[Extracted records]
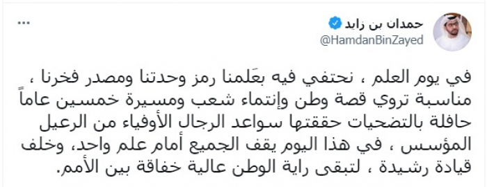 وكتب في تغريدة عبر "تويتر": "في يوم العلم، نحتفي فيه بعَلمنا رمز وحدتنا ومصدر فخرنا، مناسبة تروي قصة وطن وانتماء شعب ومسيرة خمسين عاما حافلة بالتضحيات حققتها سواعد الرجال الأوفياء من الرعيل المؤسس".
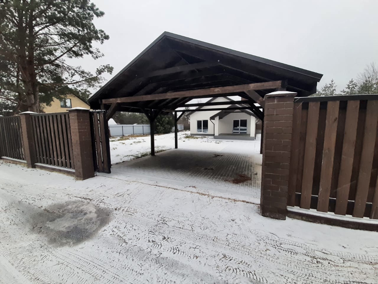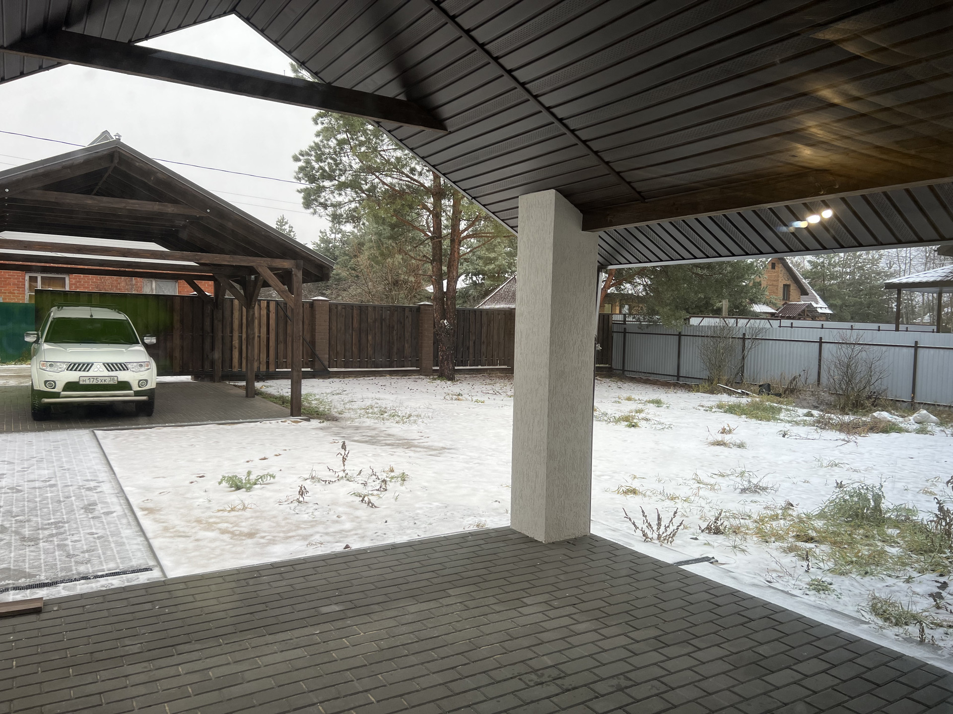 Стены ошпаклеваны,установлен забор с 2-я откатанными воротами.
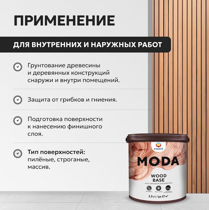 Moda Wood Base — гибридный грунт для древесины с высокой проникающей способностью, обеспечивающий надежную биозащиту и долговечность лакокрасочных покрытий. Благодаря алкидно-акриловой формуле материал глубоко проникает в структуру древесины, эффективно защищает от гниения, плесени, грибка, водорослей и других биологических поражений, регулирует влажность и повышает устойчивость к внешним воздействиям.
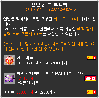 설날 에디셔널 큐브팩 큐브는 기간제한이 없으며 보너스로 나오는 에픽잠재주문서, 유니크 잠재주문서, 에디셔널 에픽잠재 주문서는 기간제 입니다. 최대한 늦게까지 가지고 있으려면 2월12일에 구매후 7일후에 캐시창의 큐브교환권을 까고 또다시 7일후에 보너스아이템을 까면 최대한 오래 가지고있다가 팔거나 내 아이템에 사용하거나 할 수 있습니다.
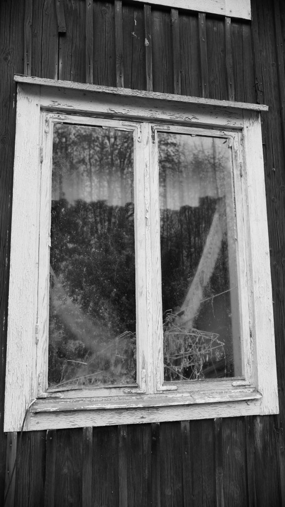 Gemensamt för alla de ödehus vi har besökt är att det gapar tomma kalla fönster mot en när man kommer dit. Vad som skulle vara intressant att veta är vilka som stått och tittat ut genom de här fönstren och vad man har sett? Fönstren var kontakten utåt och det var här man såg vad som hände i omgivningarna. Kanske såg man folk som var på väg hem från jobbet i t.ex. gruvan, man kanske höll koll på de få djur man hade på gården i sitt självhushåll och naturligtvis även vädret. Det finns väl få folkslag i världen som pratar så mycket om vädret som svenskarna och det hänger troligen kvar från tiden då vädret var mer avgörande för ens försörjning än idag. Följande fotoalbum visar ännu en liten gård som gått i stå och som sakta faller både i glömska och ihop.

EXERCISE DETAILS: Please print each entry exactly as it stands, without the pictures.

TASK OUTPUT:
 وكتب في تغريدة عبر "تويتر": "في يوم العلم، نحتفي فيه بعَلمنا رمز وحدتنا ومصدر فخرنا، مناسبة تروي قصة وطن وانتماء شعب ومسيرة خمسين عاما حافلة بالتضحيات حققتها سواعد الرجال الأوفياء من الرعيل المؤسس".
 Стены ошпаклеваны,установлен забор с 2-я откатанными воротами.
 Moda Wood Base — гибридный грунт для древесины с высокой проникающей способностью, обеспечивающий надежную биозащиту и долговечность лакокрасочных покрытий. Благодаря алкидно-акриловой формуле материал глубоко проникает в структуру древесины, эффективно защищает от гниения, плесени, грибка, водорослей и других биологических поражений, регулирует влажность и повышает устойчивость к внешним воздействиям.
 설날 에디셔널 큐브팩 큐브는 기간제한이 없으며 보너스로 나오는 에픽잠재주문서, 유니크 잠재주문서, 에디셔널 에픽잠재 주문서는 기간제 입니다. 최대한 늦게까지 가지고 있으려면 2월12일에 구매후 7일후에 캐시창의 큐브교환권을 까고 또다시 7일후에 보너스아이템을 까면 최대한 오래 가지고있다가 팔거나 내 아이템에 사용하거나 할 수 있습니다.
 Gemensamt för alla de ödehus vi har besökt är att det gapar tomma kalla fönster mot en när man kommer dit. Vad som skulle vara intressant att veta är vilka som stått och tittat ut genom de här fönstren och vad man har sett? Fönstren var kontakten utåt och det var här man såg vad som hände i omgivningarna. Kanske såg man folk som var på väg hem från jobbet i t.ex. gruvan, man kanske höll koll på de få djur man hade på gården i sitt självhushåll och naturligtvis även vädret. Det finns väl få folkslag i världen som pratar så mycket om vädret som svenskarna och det hänger troligen kvar från tiden då vädret var mer avgörande för ens försörjning än idag. Följande fotoalbum visar ännu en liten gård som gått i stå och som sakta faller både i glömska och ihop.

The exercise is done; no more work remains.